──────── MATERIAL FOR THE TASK

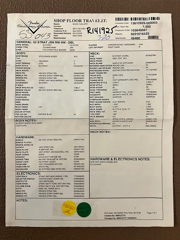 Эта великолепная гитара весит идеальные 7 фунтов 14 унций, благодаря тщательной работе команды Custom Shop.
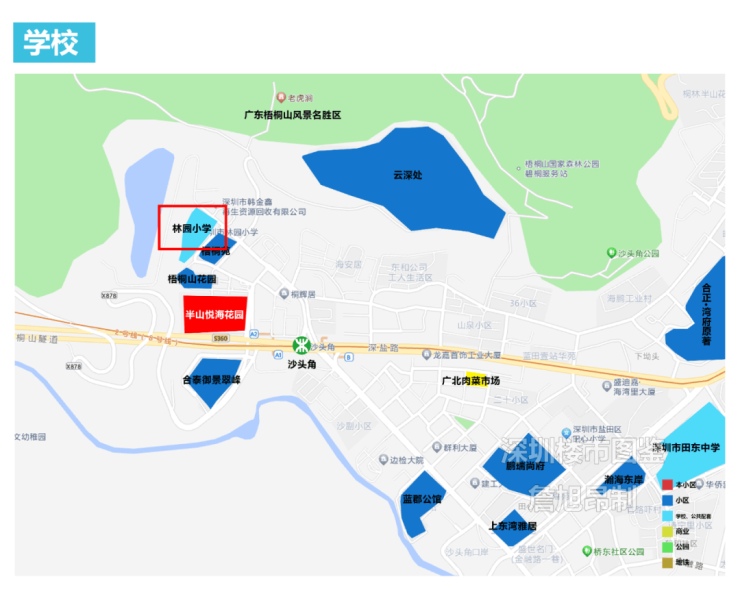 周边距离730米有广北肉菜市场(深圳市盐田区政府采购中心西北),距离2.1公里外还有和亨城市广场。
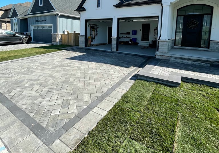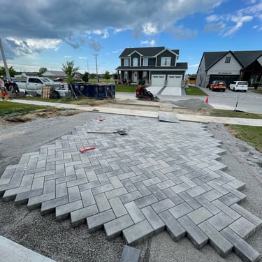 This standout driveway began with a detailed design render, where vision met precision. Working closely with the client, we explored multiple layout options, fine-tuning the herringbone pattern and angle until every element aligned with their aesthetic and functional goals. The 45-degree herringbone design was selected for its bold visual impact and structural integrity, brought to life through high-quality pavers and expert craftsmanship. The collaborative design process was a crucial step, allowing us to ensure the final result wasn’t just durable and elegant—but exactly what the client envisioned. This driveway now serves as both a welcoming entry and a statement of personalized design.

────────────────
──────── MATERIAL FOR THE TASK

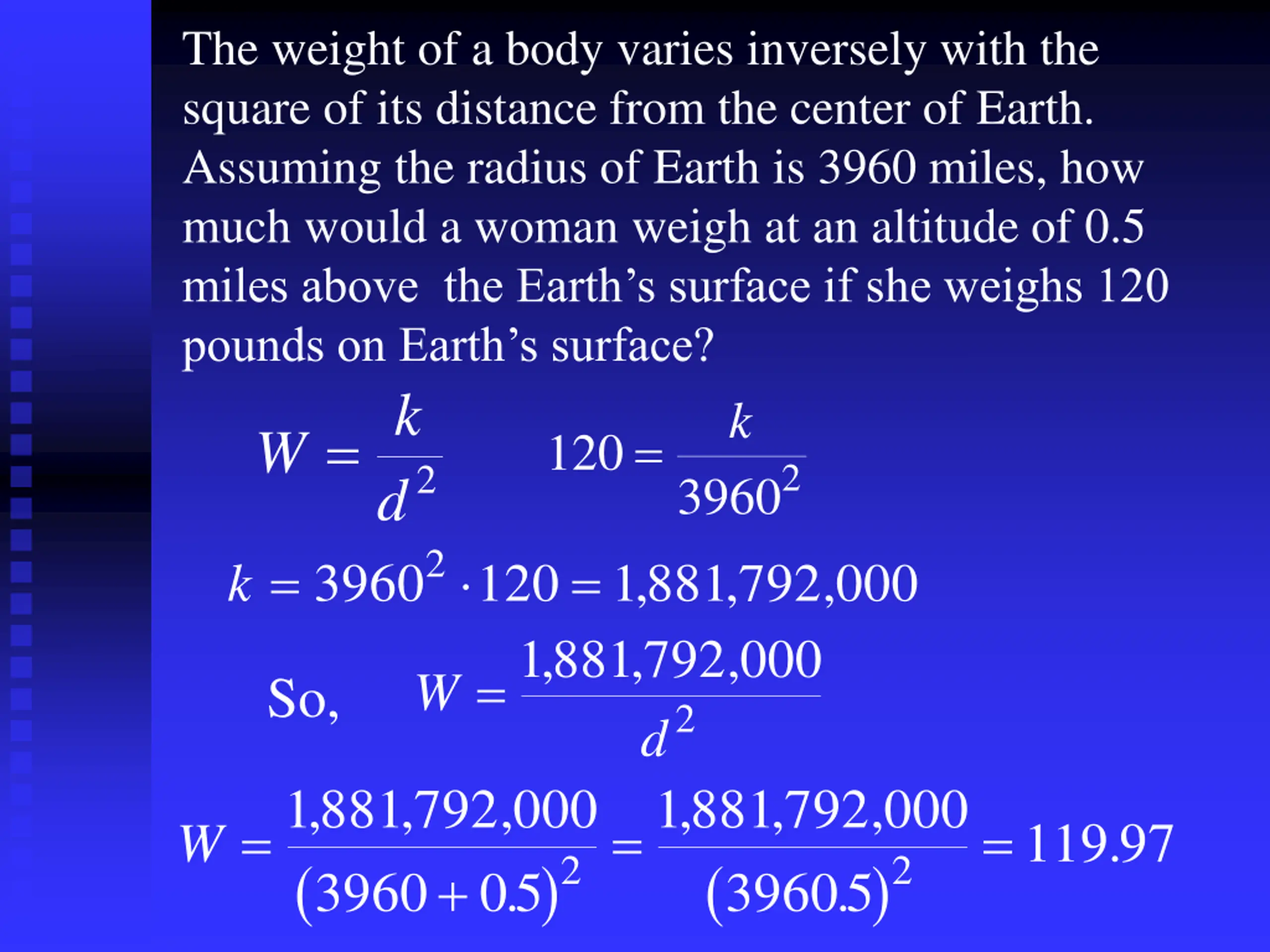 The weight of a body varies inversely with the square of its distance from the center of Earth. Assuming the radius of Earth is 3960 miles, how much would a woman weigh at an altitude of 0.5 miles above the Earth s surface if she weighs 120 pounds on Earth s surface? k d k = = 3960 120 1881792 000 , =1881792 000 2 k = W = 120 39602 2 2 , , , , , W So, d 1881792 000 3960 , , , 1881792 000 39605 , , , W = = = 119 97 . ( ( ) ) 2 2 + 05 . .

────────────────

> YOUR TASK:
Given the entries above, transcribe exactly the lines from the one holding "周边距离730米有广北肉菜市" through the one holding "This standout driveway"; pictures do not belong in the transcription.

> SOLVED PROBLEM:
 周边距离730米有广北肉菜市场(深圳市盐田区政府采购中心西北),距离2.1公里外还有和亨城市广场。
 This standout driveway began with a detailed design render, where vision met precision. Working closely with the client, we explored multiple layout options, fine-tuning the herringbone pattern and angle until every element aligned with their aesthetic and functional goals. The 45-degree herringbone design was selected for its bold visual impact and structural integrity, brought to life through high-quality pavers and expert craftsmanship. The collaborative design process was a crucial step, allowing us to ensure the final result wasn’t just durable and elegant—but exactly what the client envisioned. This driveway now serves as both a welcoming entry and a statement of personalized design.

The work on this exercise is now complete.